644 F.2d 1194
Fed. Sec. L. Rep. P 97,932
Philip GUTTER, Plaintiff-Appellant Cross-Appellee,
MERRILL LYNCH, PIERCE, FENNER & SMITH, INC.,
Defendant-Appellee Cross- Appellant.
Nos. 79-3516, 79-3517.
United States Court of Appeals,
Argued Feb. 16, 1981.
Decided April 3, 1981.
Rehearing and Rehearing En Banc Denied May 15, 1981.
Philip Gutter, pro se.
David J. Young, Dunbar, Kienzle & Murphey, Columbus, Ohio, John P. Witten, Columbus, Ohio, for defendant-appellee cross-appellant.
Before MERRITT, BAILEY BROWN and KENNEDY, Circuit Judges.
BAILEY BROWN, Circuit Judge.
* This case grows out of a series of margin transactions executed by appellee and cross-appellant, Merrill Lynch, Pierce, Fenner & Smith, Inc. (Merrill Lynch), on behalf of appellant and cross-appellee, Philip Gutter (Gutter), in September and October of 1974. Gutter made a number of short sales and wrote a number of option contracts through his broker Merrill Lynch, all on margin. Although some of the short sales were successful, most of the transactions resulted in losses to Gutter. To finance his margin trading Gutter deposited $122,000 in corporate bonds in a special account with Merrill Lynch. All of Gutter's trades were financed with loans Merrill Lynch made against the collateral of the bonds.

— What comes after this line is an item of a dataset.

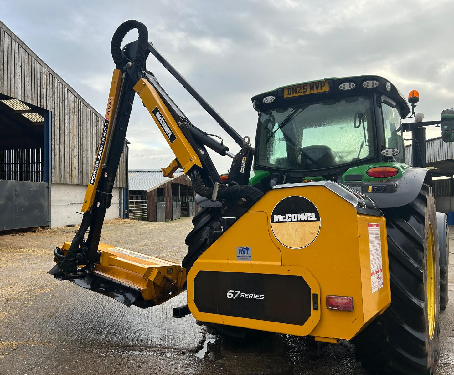 6.5m Reach with 70hp hydraulic motor. 3 Point Linkage Mounted with Stabiliser Frame. Power Slew. Integrated Oil Cooler. LED lights, Soft Start Rotor, Motion Control joystick.

Gutter brought this action to recover his losses from Merrill Lynch, and in his amended complaint stated two types of claims. First, Gutter claimed that Merrill Lynch had violated the anti-fraud provisions of the Securities Act of 1933, 15 U.S.C. §§ 77 et seq., and the Securities Exchange Act of 1934, 15 U.S.C. §§ 78 et seq., and had committed common law fraud by failing to fully inform him of the risks involved in option trading. He also alleged that Merrill Lynch misrepresented the profits that could be obtained from option trading. Second, Gutter claimed that Merrill Lynch had violated the margin requirements of Section 7(c) of the 1934 Act, 15 U.S.C. § 78g(c), and the regulation implementing Section 7(c), Federal Reserve Board Regulation T, 12 C.F.R. §§ 220.1 et seq., by using his bonds in the special account as collateral for his margin trading rather than calling on Gutter to cover the shortfalls in his margin account. He claimed that Merrill Lynch was liable to him for his losses in the margin account.

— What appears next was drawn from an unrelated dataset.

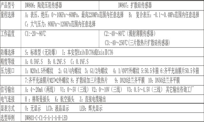 备注:当量程小于10KPa时,测量介质必须是无腐蚀的气体

As an initial matter the district court granted Gutter's motion for summary judgment on the Regulation T claims. On the authority of our decision in Spoon v. Walston & Co., 478 F.2d 246 (6th Cir. 1973), the district court held that an implied cause of action existed for a violation of the margin regulations. The district court then found, as Gutter contended, that Merrill Lynch had violated the margin requirements by applying the excess value of Gutter's bonds to his margin account instead of issuing maintenance calls at times when the margin limitations were exceeded. On the basis of stipulated underlying facts, damages were determined by the court to be $7,000.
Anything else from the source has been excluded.